(p. A5) BEIJING -- ON the surface, at least, there is not much about Chen Xiaolu to suggest a lifetime of regret.
The son of one of Communist China's founding generals, he enjoyed privilege at an early age and then a career as a business consultant that took him around the world. Now 67, he relaxes on golf courses in Scotland and southern France and eschews the dark suits and high-maintenance black hair of most affluent Chinese men for casual shirts and a gray buzz cut.
But beneath the genial exterior is a memory that has haunted him for nearly 50 years. There he was, back in high school, a fresh-faced member of the volleyball team and a student leader in Mao Zedong's Cultural Revolution, ordering teachers to line up in the auditorium, dunce caps on their bowed heads. He stood there, excited and proud, as thousands of students howled abuse at the teachers.

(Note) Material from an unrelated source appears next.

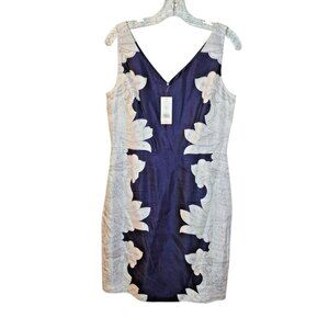 Polished and versatile Banana Republic sheath dress in a rich navy with an eye-catching floral/placement print. The rayon-linen blend gives a refined look with breathable comfort—perfect for work, cocktail, wedding guest, or date night.

Then, suddenly, a posse stormed the stage and beat them until they crumpled to the floor, blood oozing from their heads. He did not object. He simply fled. "I was too scared," he recalled recently in one of several interviews at a restaurant near Tiananmen Square, not far from his alma mater, No. 8 Middle School, which catered to the children of the Mao elite. "I couldn't stop it. I was afraid of being called a counterrevolutionary, of having to wear a dunce's hat."
A ripple of confessions about the Cultural Revolution from former Red Guards, most of them retired men of modest backgrounds, has surfaced in the last few months. But it was Mr. Chen's decision to step forward in August with a public apology that has drawn the most attention, raising hopes that a nation so determined to define its future might finally be moving to confront the horrors of its past.
He did so, he said, not only for personal redemption but also for profound reasons to do with China's political development that must include the rule of law.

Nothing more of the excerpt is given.